Workspace sharing company WeWork (WE) made its long-awaited public listing on Thursday, Oct. 21, climbing 13.49% on its first day of trading to close at $11.78. Instead of going public through a traditional initial public offering (IPO), the New York City-based company completed a $9 billion merger with blank check firm BowX Acquisition Corp. (BOWX), a listed special purpose acquisition company (SPAC).
- WeWork went public by completing a merger with SPAC company BowX.
- SPACs comprise a group of large investors that help a company speed up its public listing and allow profits to be generated relatively quickly.
- The merger gives WeWork an equity value of $9 billion, substantially less than the $47 billion at which SoftBank valued the company before an ill-fated 2019 IPO attempt.
- WeWork expects to bring in second-half 2021 revenues of $1.5 billion, up from the $1.2 billion it generated in the first half.
SPACs comprise a group of large investors that come together to help a company speed up its public listing, often at the expense of transparency for outside investors. In recent years, SPACs have increased in popularity with investors, given their structure allows profits to be generated relatively quickly. As of Oct. 22, 489 SPACs have gone public in 2021, raising more than $135 billion, up from $83 billion last year.
SPACs have two years to complete an acquisition or they must return their funds to investors.

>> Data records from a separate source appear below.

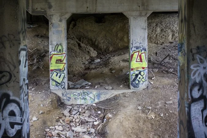 It's a gray and cold Friday afternoon, but the rain's holding off. We parked the car on a side street not too far from where we saw the abandoned tracks. Cutting across a condominium parking lot, I watch Cam go first down the embankment. He makes it down with ease, but I'm not so lucky as my ass slides through the dirt and mud towards the unused railroad. In both directions the tracks go on as far as you can see, but immediately next to us is a roadway overpass, the underside of which has become an urban art gallery - a canvas for graffiti. Clear of hobos, we take a look around.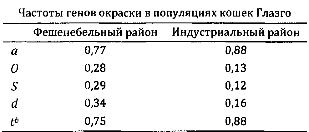 Если сравнивать по частоте гена а крупные города, географически удаленные друг от друга, то они оказываются очень сходными в этом отношении. В то же время в окрестных деревнях частота черных кошек оказывается значительно меньше, чем в городах.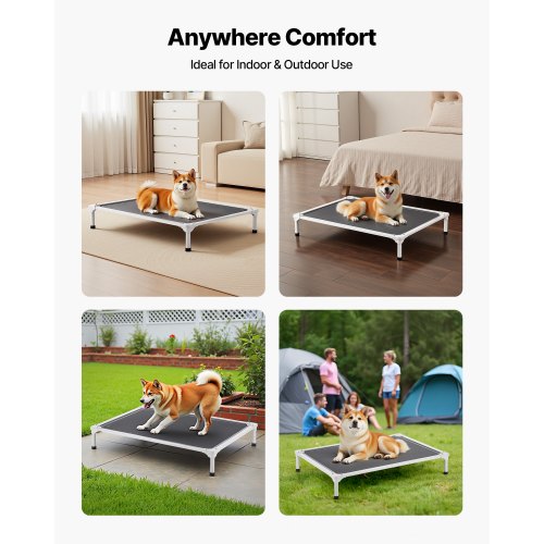 VEVOR Letto Rialzato per Cani per Cani di Grossa Taglia, Lettino Portatile Rialzato per Animali Domestici con Struttura in Tubo di Alluminio e Rete Teslin, per Interni Esterni, Taglia L, Grigio

The merger gives WeWork an equity value of $9 billion, substantially less than the $47 billion at which its leading investor SoftBank Group Corp. (SFTBY) valued the company before an ill-fated 2019 IPO attempt. Back then, investors developed cold feet over lavish spending and the unpredictable behavior of CEO and founder Adam Neumann. Under the deal that sees BowX control 56% of the company, the office space provider will also receive a $1.3 billion cash injection, which includes $800 million from prominent investors, such as Starwood Capital Group and BlackRock, Inc. (BLK).
Demand for Working Flexibility Grows
Despite the uncertainly of how working trends will play out after the pandemic, BowX's chief executive Vivek Ranadivé remains bullish about WeWork's prospects in the post-Covid world, arguing that corporates' emphasis on flexibility provides a tailwind for the company. "Companies have now decided that flex space is the must-have," he told CNBC in an interview, per The New York Times. "Maybe for their own headquarters, they want to own that space. But for everything else, they want to hand it over to a WeWork," he added.
However, it remains to be seen if companies and others requiring office space—such as freelancers, startups, and small businesses—will sign up to workspace sharing providers at the same rate as pre-pandemic levels amid the work-from-home trend that has accelerated over the past two years.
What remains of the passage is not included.